THE CONCEPT OF CRITICAL VALUES

It was Lundberg and colleagues working at the clinical laboratories of the Los Angeles County/University of Southern California Medical Center who pioneered a systematic approach to the identification and communication of dangerously abnormal test results. 

In 1972 they coined the term "critical (panic) value", which they defined as "one that represents a pathophysiological state at such variance with normal as to be life-threatening unless something is done promptly, and for which some corrective action could be taken" [1,2]. 

Having established a list of critical (panic) values that accorded, to their satisfaction, with the definition, the system placed responsibility on medical technologists to identify and verify critical (panic) value test results and then communicate them urgently to a "responsible individual". 

The "Lundberg" concept has since been adopted in one form or another by laboratories across the world. The term "critical (panic) value" has largely been abandoned in favor of "critical value" [17]. 

The term "critical limits" refers to the analyte-specific set limits that define a test result as a "critical value". 

Most analytes appearing on a critical-test list have both high and low critical limits but for some (e.g. neonatal serum bilirubin) only a high value could be considered critical and for others (e.g. pO₂(a)) only a low value is considered critical.

A distinction must be made between a critical-value test result as defined by Lundberg, and an urgent (or STAT) test result that in some sense is of course also "critical". 

The decision to nominate a particular test request urgent is made by the attending doctor based on consideration of the patient's possible (or certain) critical condition. 

Such test requests are processed urgently in the laboratory and the result communicated urgently, irrespective of whether the result is normal or abnormal. A critical-value test result, by contrast is identified in the laboratory after non-urgent (or urgent) analysis, without knowledge of the patient's condition. 

By definition, a critical-value result is grossly abnormal and the decision to communicate the result urgently is made not by the attending doctor who requested the test, but by laboratory staff, based on preset critical limits.

The process of communicating critical-value test results and communicating urgent (STAT) test results may be the same. 

This article is concerned only with critical-value test results, although it is worth noting that there might be overlap between policy relating to critical-value reporting and policy relating to urgent (STAT) test reporting.

The concept of critical values was first endorsed by US regulatory authorities in the Clinical Laboratory Improvement Amendments (CLIA) of 1988 which stated that "laboratories must develop and follow written procedures for reporting life-threatening laboratory results or panic values" [3]. 

More recently the Joint Commission on Accreditation of Health Care Organizations (JCAHO), responsible for laboratory accreditation in the US, identified effective reporting of laboratory critical values as a National Patient Safety Goal (NSPG.02.03.01) [4]. 

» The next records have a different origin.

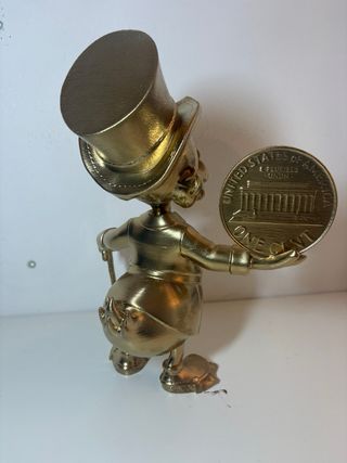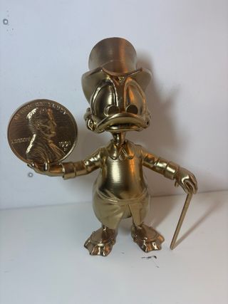 Statuetta raffigurante zio Paperone con in mano il suo primo centesimo di dollaro, quello con cui poi fece tutta la sua fortuna. Statua alta 32 cm realizzato in resina e sopra verniciata color oro lucido. Ottimo pezzo da arredamento o da collezione per gli amanti del mondo Disney. Inoltre, sotto la Scarpa l’oggetto è firmato Baraxprint
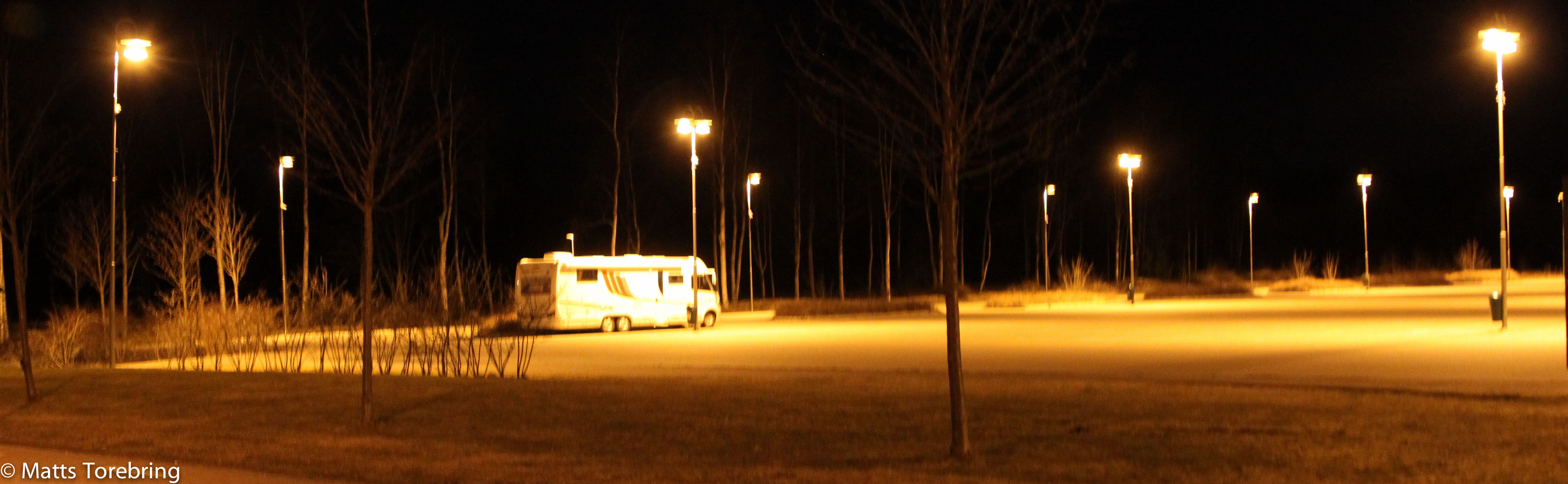 På denna jättestora parkering var det under lördagen max 40- 50 bilar samtidigt. När kvällen kom, var bara vi kvar. Endast tio- talet meter bakom bilen, finns det riktigt bra toaletter. Detta stora varuhus och så lite besökare en lördag som denna, lever det vidare på bara semesterfirare?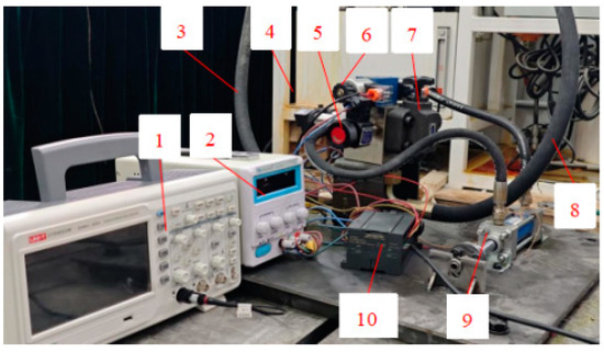 Test bench for pushing and pulling strength tests on the piston-returning spherical joint pair. 1—oscilloscope; 2—DC power supply; 3—oil outlet pipeline; 4—pressure sensor; 5—pressure relay; 6—three-position four-way electromagnetic directional valve; 7—throttle valve; 8—oil inlet pipeline; 9—pushing and pulling device of the piston-returning spherical joint pair; 10—PLC.

Documentation of laboratory policy relating to critical-value reporting is mandated by JCHO [4]. The internationally agreed standards for medical laboratory competence and quality, ISO 15189:2007, which has been adopted by national laboratory accreditation agencies in Europe and beyond, includes the requirement that critical values are notified urgently. 

Although regulatory authorities acknowledge that timely reporting of critical values is essential to the overall quality of the work of clinical laboratories, and laboratory accreditation in many parts of the world now demands a regularly reviewed locally written policy regarding critical values, there is apart from a single paper written under the auspices of the American College of Clinical Pathologists (ASCP) in 1997 [5], and "consensus recommendations" from the Italian Society of Laboratory Medicine [6] (available only in Italian), very little formal guidance on the detail of such policy. 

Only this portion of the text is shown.